Noether's theorem holds in quantum mechanics and in classical mechanics. Noether's theorem sounds like magic when you first hear of it: to help put it on solid ground for you, I'll run through the logic of Noether's theorem (from a physicist's perspective) for a single point particle in a potential, so you can get a feel for how it works and what it means.
Take a simple Lagrangian $$L=\frac{1}{2}m\dot{q}^2+V(q).$$
We will show that if the potential $V$ is explicitly time-independent (that is, $\partial_tV=0$) that there is an associated conserved quantity (this will be the energy). The action is defined as $$S=\int\text{d}t\,L=\int\text{d}t\left[\frac{1}{2}m\dot{q}^2+V(q)\right]$$
Let's assume that the action is invariant under a time translation $t'=t+\delta t$. Then, we may write $\delta S=0$, because $\partial_t L=0;$ if the Lagrangian isn't dependent on time, then the action shouldn't care about a redefinition of the time coordinate by an infinitesimal constant. We may then write
\begin{align*}
\delta S&=0 \\
&=\int\delta (\mathrm{d}t\,L)\\
&=\int \text{d}t\left(\partial_t\delta t+\text{t} \delta L\right)\\
&=\int \text{d}t\, \delta L,
\end{align*}
We do a standard change of variables to compute the change in $\text{d}t$, but since we are varying by a constant, that change is zero.
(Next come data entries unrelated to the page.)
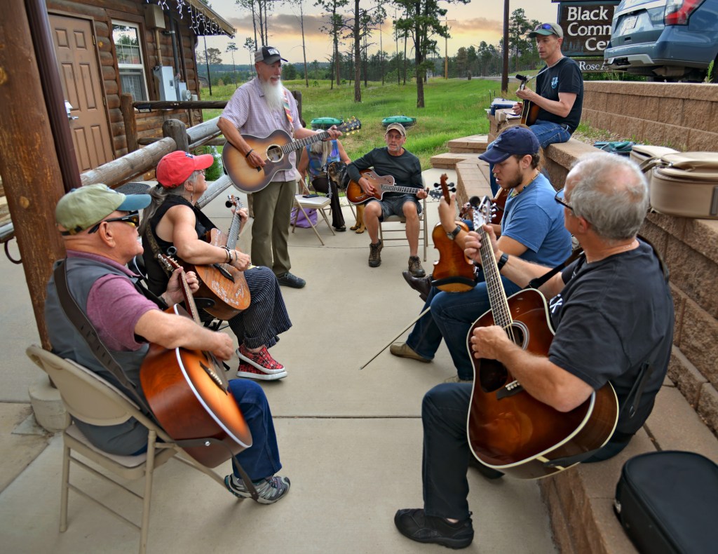 The sun is setting on the All Souls Unitarian Church as a handful of people trickle into the church lobby carrying an assortment of acoustic instruments. First walks in a banjo player, then fiddler, followed by a few guitar players and a mandolinist. It’s the monthly Black Rose Acoustic Society’s bluegrass jam which takes place every 4th Thursday evening in Colorado Springs, Colorado. Musicians of varying skill levels, ages, backgrounds and creeds gather to take part in the gathering and community embodiment of Americana music. As the musicians arrive, they begin tuning their instruments and collecting any essentials such as picks, bows and “cheat sheets” or tablature from their cases. The church lobby, which is ordained in religious motifs and high ceilings, is the ideal acoustic space for these musicians to showcase their talent and prowess.
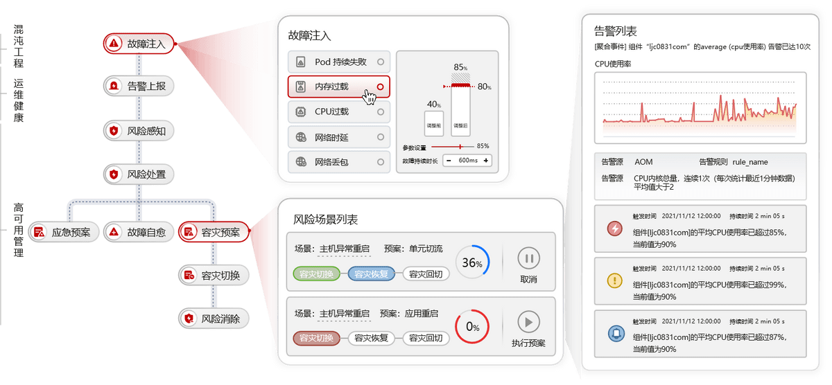 通过华为内部混沌工程应用外溢打造的华为高可用管理平台提供10+类故障场景、200+故障模式和20+容灾预案管理方案,更好帮助客户容灾管理,提升业务系统高可用能力。
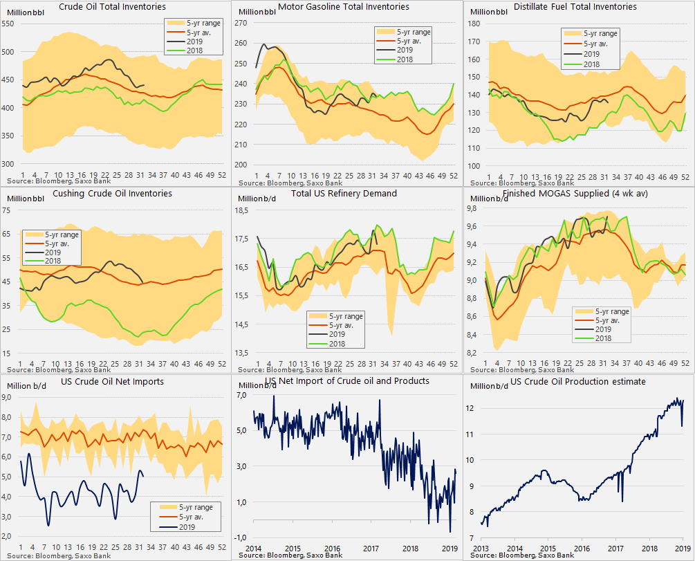 Импортные и экспортные цены США в июле выросли на 0,2% м/м в обоих случаях (прогноз: 0% м/м в обоих случаях после -1,1% м/м и -0,6% м/м соответственно месяцем ранее). При этом на американских фондовых площадках накануне произошел обвал под влиянием уходе спреда доходности между двухлетними и десятилетними казначейскими облигациями в отрицательную область. Исторически такая динамика предвещает скорую рецессию.
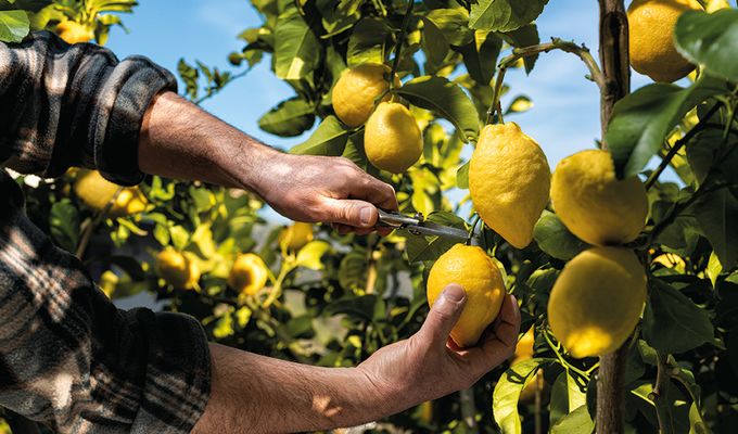 „Kennst Du das Land, wo die Zitronen blühn … ?“ Goethes sehnsuchtsvolle Worte rufen sofort Bilder sonnendurchfluteter Zitronenhaine auf – an der italienischen Amalfiküste, auf Sizilien oder in Spanien. In diesen Regionen am Mittelmeer herrscht ein gleichmäßig warmes Klima, das die aromatischen Zitrusfrüchte benötigen, um gut zu gedeihen. An der Costa Amalfitana werden sie seit vielen Generationen in ummauerten Gärten in Terrassen an der Steilküste angepflanzt. Der Anblick der Bäume mit den leuchtend gelben Früchten zwischen den Bergen und dem blauen Meer ist einzigartig. Gerade in Kampanien spielt die Zitrone in vielen köstlichen Rezepten eine Hauptrolle und ist dank ihrer gesunden und spritzigen Leichtigkeit aus der modernen Küche nicht mehr wegzudenken. Aus diesem Gebiet stammt auch der legendäre Zitronenlikör Limoncello, der aus der Zitronensorte Sfusato Amalfitano hergestellt wird.
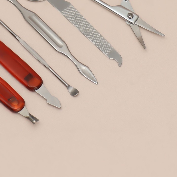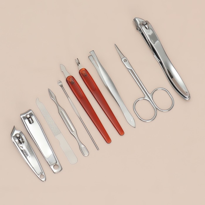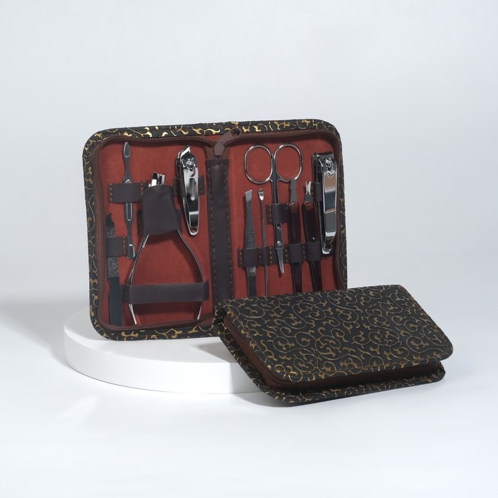 Набор маникюрный, 10 предметов, в футляре, цвет коричневый
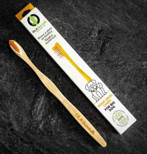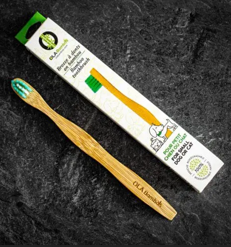 Curved head specially designed to better reach all teeth in the animal's oral cavity Compact head for effective, more pleasant brushing Two formats available: Small Dog or Cat and Large Dog The handle of the toothbrush is 100% compostable and biodegradable. It is made of bamboo. The bristles of the OLA Bamboo toothbrush are made of high-quality nylon for better brushing. According to some studies, bamboo has natural antimicrobial properties. Made from FSC certified bamboo to ensure best practices in managing responsible forests Designed in Canada and made in China The packaging is also recyclable or compostable by your city. Bamboo cultivation is done without using pesticides or insecticides Bamboo forests absorb 35% more CO2 than a regular mixed forest

The general variation of the Lagrangian follows from the usual chain rule: $$\delta L=L'\delta t+ \frac{\partial L}{\partial q}\delta q+ \frac{\partial L}{\partial q'}\delta q',\,f':=\frac{\partial L}{\partial t}.$$
Don't get tripped up! The dot on $q$ in the Lagrangian is a total time derivative, while our prime notation denotes a partial one. Using the Euler-Lagrange equations, we may write
\begin{align*}
\delta L &= \frac{\partial L}{\partial q}\delta q + \frac{\partial}{\partial t}\left(\frac{\partial L}{\partial q'}\delta q\right)-\frac{\partial}{\partial t}\left(\frac{\partial L}{\partial q'}\right)\delta q\\
&=_\text{on-shell}\underbrace{\left[\frac{\partial L}{\partial q}-\frac{\partial}{\partial t}\left(\frac{\partial L}{\partial q'}\right)\right]}_{=0}\delta q+ \frac{\partial}{\partial t}\left(\frac{\partial L}{\partial q'}\delta q\right)\\
&=\frac{\partial}{\partial t}\left(\frac{\partial{L}}{\partial \dot{q}}\delta q\right)
\end{align*}
Putting this into the action, we get $$\delta S=\int\text{d}t\frac{\partial}{\partial t}\left(L+\frac{\partial L}{\partial \dot{q}}\delta q\right).$$
Now, the total variation of the position is $$\delta q_T=\delta q+q'\delta t.$$ Under an infinitesimal, constant time translation, $\delta q_T=0$, so we have $\delta q=-\dot{q}\delta t.$ Plugging this in (and remembering that $\delta q$ is a constant, so we can pull it out of the derivative) we get $$0=\delta S=\int\text{d}t\frac{\partial}{\partial t}\left(L- \frac{\partial L}{\partial \dot{q}}\dot{q}\right)\delta t.$$
Since this must hold for arbitrary constant $\delta t$, we have $$\boxed{E=\frac{\partial L}{\partial \dot{q}}\dot{q}-L,}$$
where $E$ is some constant. For our Lagrangian, we have
\begin{align*}
E&=m\dot{q}^2-\frac{1}{2}m\dot{q}^2+V(q)\\
&=\frac{1}{2}m\dot{q}^2+V(q)
,\end{align*}
the total energy.
This is the substance of Noether's theorem: a symmetry of the action leads to a conserved quantity. The generalization to classical field theory is easy, because classical mechanics is just a one-dimensional classical field theory. Instead of $q(t)$, you have $\phi(t,\mathbf{x})$, and you follow a similar set of steps above to find that energy-momentum is conserved for spacetime translations. This can be carried over to quantum mechanics/field theory fairly easily; the technical details are beyond the scope of this answer.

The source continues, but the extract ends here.